Monday 13 May 2019

Theories of Surplus Value, Part III, Chapter 20 - Part 143

[c) On the Influence a Change in the value of Constant Capital Exerts on surplus-value, Profit and Wages

This section demonstrates why it is important to take Marx's writings as a whole into consideration, rather than taking particular phrases and even paragraphs in isolation. Marx sets out, at the start of the section, an argument in relation to wages, which he then completely reverses in the latter part of the section. The point relates to a question raised earlier, in relation to the effect of a fall in the value of constant capital, used in the production of wage goods. Marx begins the section by arguing that such a fall cannot affect wages, or the rate of profit. But, in the latter part of the section, Marx says this is only true if the change is merely a short-term, temporary change in prices. 

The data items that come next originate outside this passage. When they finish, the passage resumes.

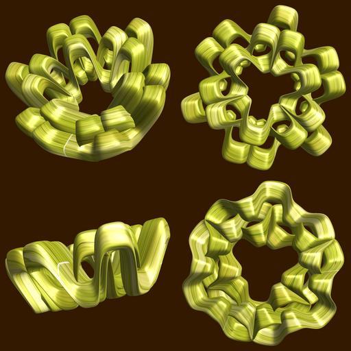 Keywords: mathematica 3d cg parametricplot3d texture torus 輪環 りんかん ドーナツ どーなつ 六芒星 ろくぼうせい 六光星 ろくこうせい 六稜星 ろくりょうせい code program algorithm コード プログラム アルゴリズム hexagram geometric sculpture geometricsculpture shape geometry sculpture mapping テクスチャ マッピング 模様 もよう abstract 抽象 ちゅうしょう アブストラクト design pattern デザイン パターン graphic グラフィック グラフィクス structure 意匠 構造 symmetry 対称性 たいしょうせい シンメトリー 対称 たいしょう algorithm コード indoor black background a = 5; (* center hole size *) b = 6; (* hexa-torus *) c = 1; (* distance from the center of rotation *) d = 3; (* number of torus *) h = 2; (* height of a torus *) SetOptions[ParametricPlot3D, PlotRange -> Full, Mesh -> None, Boxed -> False, Axes -> False, PlotPoints -> 400, ImageSize -> 1600, Background -> Darker[Orange, 0.8], PlotStyle -> Directive[Specularity[White, 30], Texture[Import["D:/tmp/71.jpg"]]], TextureCoordinateFunction -> ({#4 + #5, #5 / Pi} &), Lighting -> "Neutral"]; f[v_] := Sin[2 Sin[Sin[Sin[v]]]]; x = (a - Cos[t] - f[b s]) Cos[s] + c; y = (a - Cos[t] - f[b s]) Sin[s] + c; z = (a - f[t] - h f[b s]); rot = Table[{x, y, z}.RotationMatrix[2 i Pi/d, {0, 0, 1}], {i, d}]; ParametricPlot3D[rot, {t, 0, 2 Pi}, {s, 0, 2 Pi}] (*--- The Texture is this: www.flickr.com/photos/tanaka_juuyoh/5239255695/ *) a = 5; (* center hole size *) b = 6; (* hexa-torus *) c = 1; (* distance from the center of rotation *) d = 3; (* number of torus *) h = 2; (* height of a torus *) SetOptions[ParametricPlot3D, PlotRange -> Full, Mesh -> None, Boxed -> False, Axes -> False, PlotPoints -> 400, ImageSize -> 1600, Background -> Darker[Orange, 0.8], PlotStyle -> Directive[Specularity[White, 30], Texture[Import["D:/tmp/71.jpg"]]], TextureCoordinateFunction -> ({#4 + #5, #5 / Pi} &), Lighting -> "Neutral"]; f[v_] := Sin[2 Sin[Sin[Sin[v]]]]; x = (a - Cos[t] - f[b s]) Cos[s] + c; y = (a - Cos[t] - f[b s]) Sin[s] + c; z = (a - f[t] - h f[b s]); rot = Table[{x, y, z}.RotationMatrix[2 i Pi/d, {0, 0, 1}], {i, d}]; ParametricPlot3D[rot, {t, 0, 2 Pi}, {s, 0, 2 Pi}] (*--- The Texture is this: www.flickr.com/photos/tanaka_juuyoh/5239255695/ *) |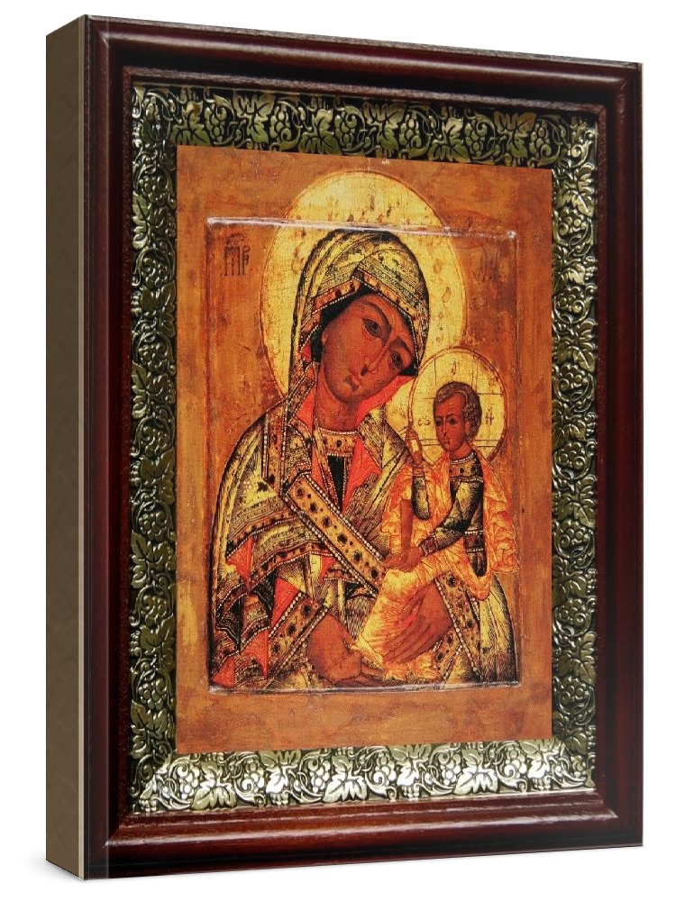 Икона шуйская смоленская (19х22), темный киот. Икона выполняется на заказ. Срок изготовления - 2-5 дней. Лик нанесен методом шелкографии на цельную липовую доску, покрытую левкасом (специальным грунтом под живопись). Использованы минеральные (природные) краски. Размер иконы без киота (см): 13х16, с киотом: 19х22. Киот (рамка) выполнен из березы и украшен басмой (узор из черненой меди в виде виноградной лозы). Икона освящена.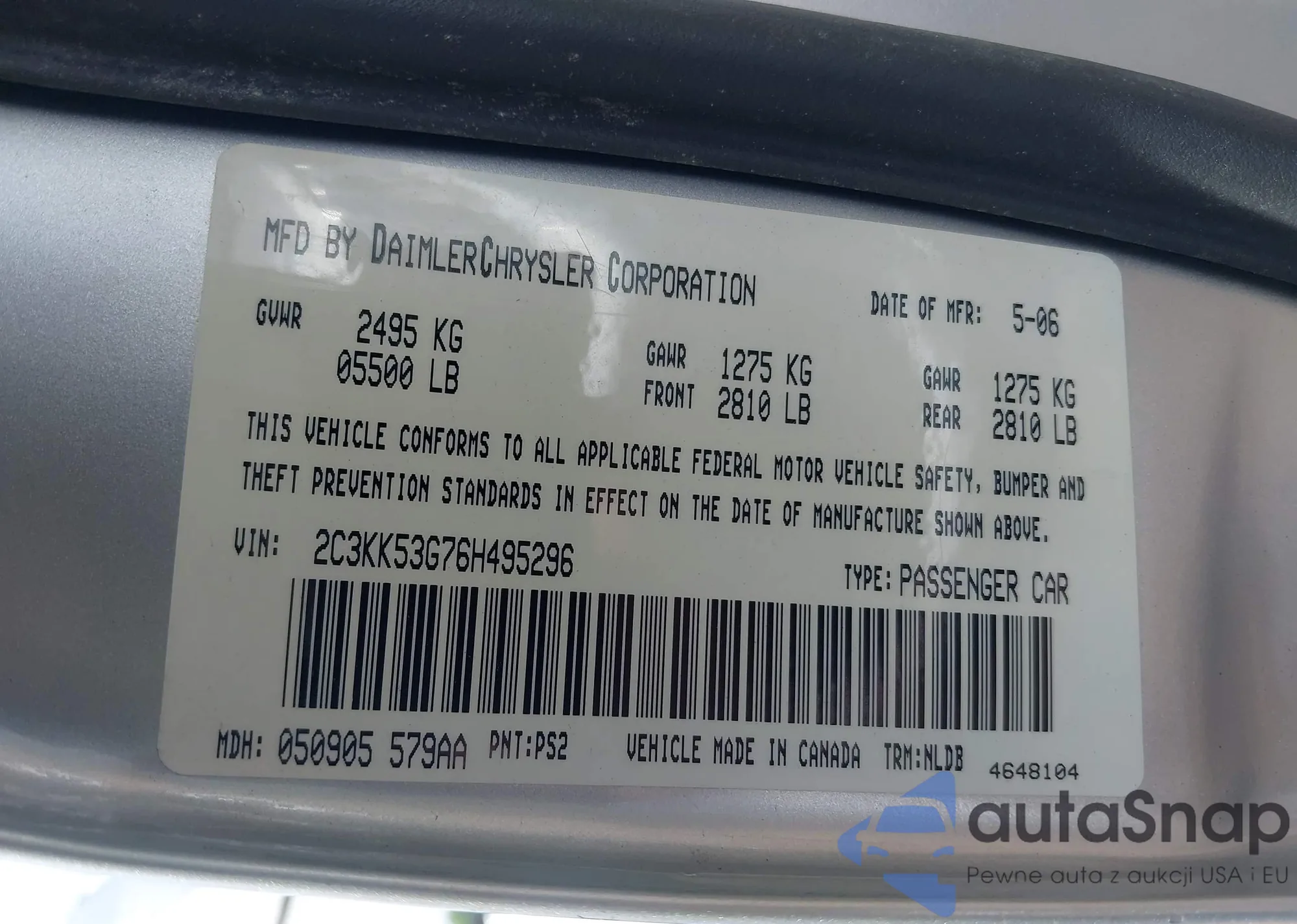 • VIN 2C3KK53G76H495296

So, for example, if there is a bumper cotton crop that reduces the price of cotton, this reduces the value of constant capital, used by the yarn producer, weaver, and clothes producer. That, in turn reduces the price of clothes, for example, cotton shirts, blouses, skirts and trousers. As workers buy these items, it reduces what they have to spend on them as wage goods, to reproduce their labour-power. In value terms, therefore, the value of labour-power has fallen, so that wages should also fall, and so surplus value, and the rate of surplus value rise. However, Marx makes the point that, in practice, with workers paid money wages, the effect is that they now have to spend less of their wages on these items, so either they can buy more of them, or else they can use the money saved to buy more of some other commodities, or even some totally new commodity. 

But, later in the section, Marx makes clear that whilst this is true for such short-term fluctuations – the opposite would apply where a bad harvest next year caused cotton prices, and so clothes prices to rise – which average out, it is not true for those permanent changes in the value of the commodities that comprise the constant capital, and which, thereby, influence the price of wage goods. In short, it is a distinction between market prices, and exchange values. As Marx himself makes clear, as against Mill, the worker requires a certain minimum of use values, for their reproduction, and this minimum is not changed by the value of those use values.